# April's Fools gags on radio



## Firefly (1 Apr 2009)

Cork's RED FM were saying U2 were playing live on Blackpool Shopping Centre this morning - they even had a tribute band playing (pre-recorded)  it was pretty good!

Any other gems around the country?


----------



## Mucker Man (1 Apr 2009)

Newstalk 106 was on about a boxing match between Paul OConnell and Bernard Dunne. They even had Bernard's promoter Brian Peters on the phone.


----------



## Armada (1 Apr 2009)

Irish Times are going with electronic tags for rich tax exiles


----------



## bazermc (1 Apr 2009)

Armada said:


> Irish Times are going with electronic tags for rich tax exiles


 
You mean that was a joke, i think it is a great idea!!!!


----------



## Armada (1 Apr 2009)

So do I... can't seeing it working though if they all are spending so much time in panic rooms


----------



## gipimann (1 Apr 2009)

TodayFM were promoting a "nude broadcasting day" for later this week, with simultaneous webcast....

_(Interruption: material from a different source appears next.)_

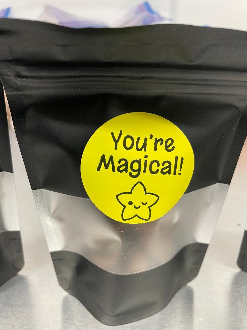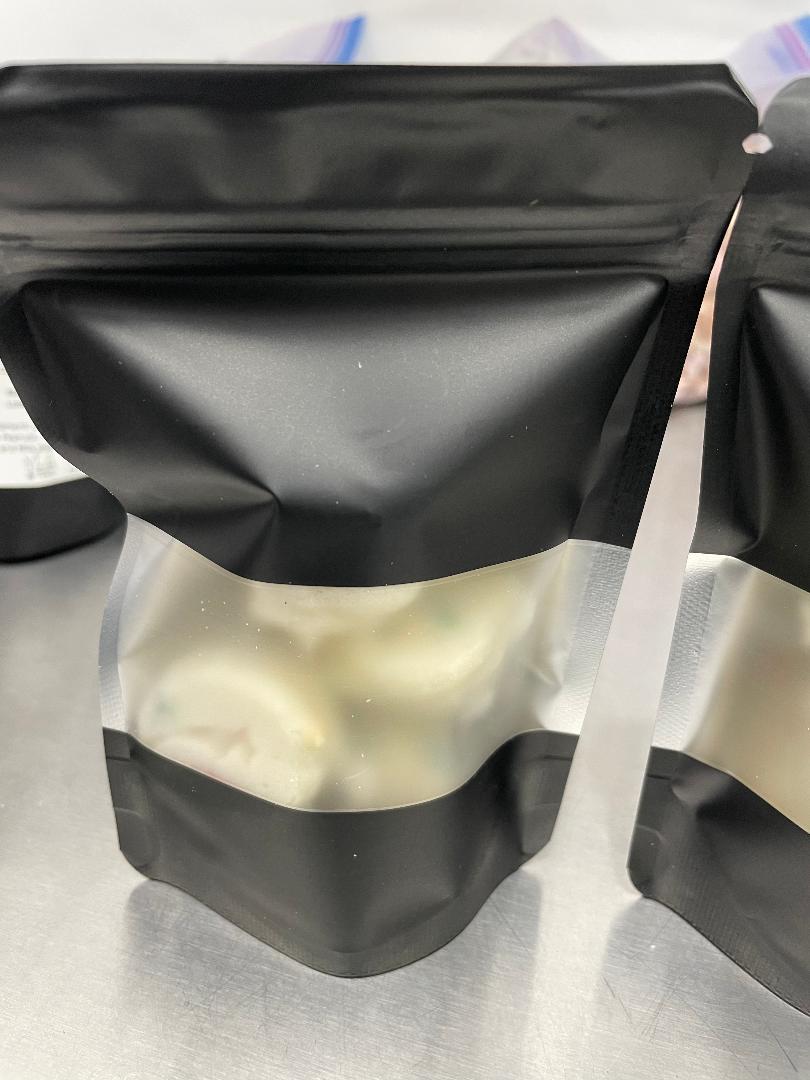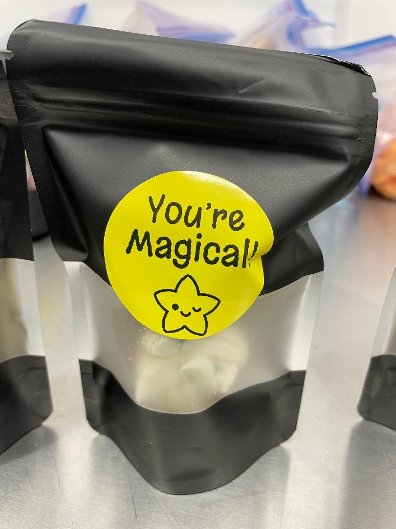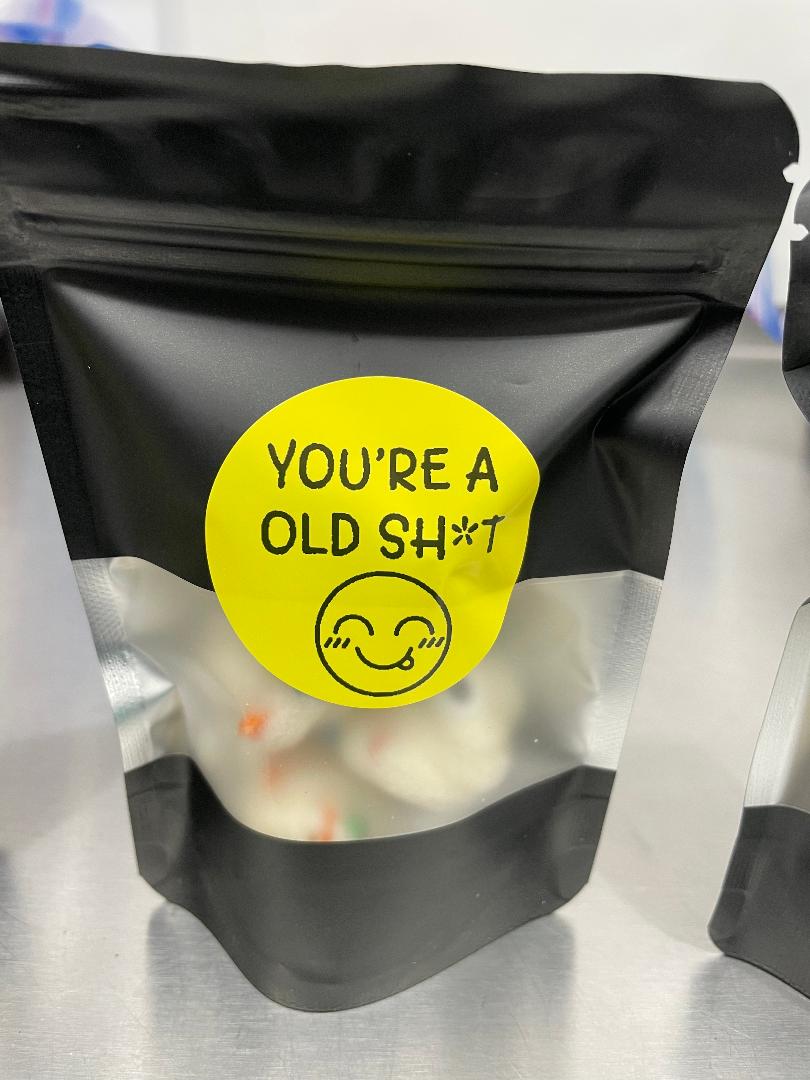 Freeze dried Milk Chocolate Frosting, Strawberry Frosting or Rainbow Chip Frosting. 4 lil poops with various sayings.
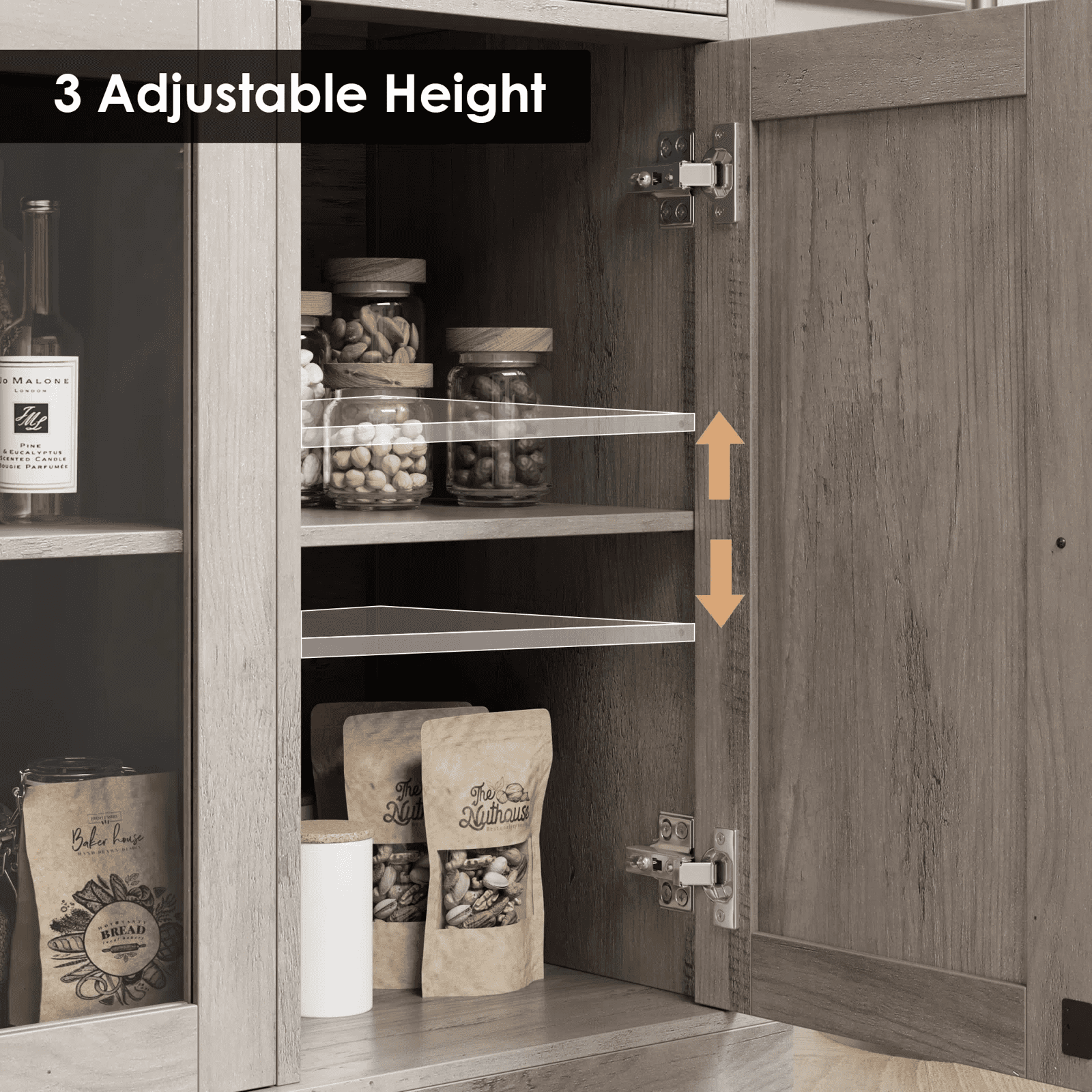 Homfa – Create a comfortable life! This Homfa kitchen buffet cabinet with 3 drawers and a 4 door cabinet interior shelf with adjustable board, which is and made of sturdy board, will meet your different storage needs perfectly, especially in your living room, kitchen, and coffee bar as your nice storage assistant. Accompanied with premium metal round handles and clean lines, this modern farmhouse kitchen buffet cabinet with drawer will do a good job in matching your various decor style, meanwhile the glass cabinet doors could be organized in 2 ways, bringing you more joy in house decor. * Attention: If any glass components in your order are damaged during shipping, please contact us with photos of the damaged items for replacement Explore more Homfa Products

Ian Dempsey was asked whether he'd need to bring a 7 inch single or a mini-disc to protect his modesty


----------



## Firefly (1 Apr 2009)

I remember years ago Cork's 96FM were on saying that Cork Co Co had given the go-ahead to replace the clocks on Shandon Bells with a digital clock - the phones went mad! Angry Corkonions on the phone giving out - it was class


----------



## ney001 (1 Apr 2009)

Guy on Gerry Ryan right now, talking about selling book of kells to Bill Gates.  Senator Norris on as well - another suggestion rename Croke Park, Coke Park and get some sponsorship!


----------



## Chocks away (1 Apr 2009)

ney001 said:


> Guy on Gerry Ryan right now
> 
> Senator Norris on as well - another suggestion rename Croke Park, Coke Park and get some sponsorship!


 What? From Drug Barons?


----------



## Crugers (1 Apr 2009)

And RTE Radio1 advertising IQ vitamin XXXXXXXXXXXXXXXXXXXX...



"It's not just fish oil"


----------



## TarfHead (1 Apr 2009)

Mucker Man said:


> Newstalk 106 was on about a boxing match between Paul OConnell and Bernard Dunne. They even had Bernard's promoter Brian Peters on the phone.


 
.. and Frank Warren too.

I'm disappointed - I wanted it to be true.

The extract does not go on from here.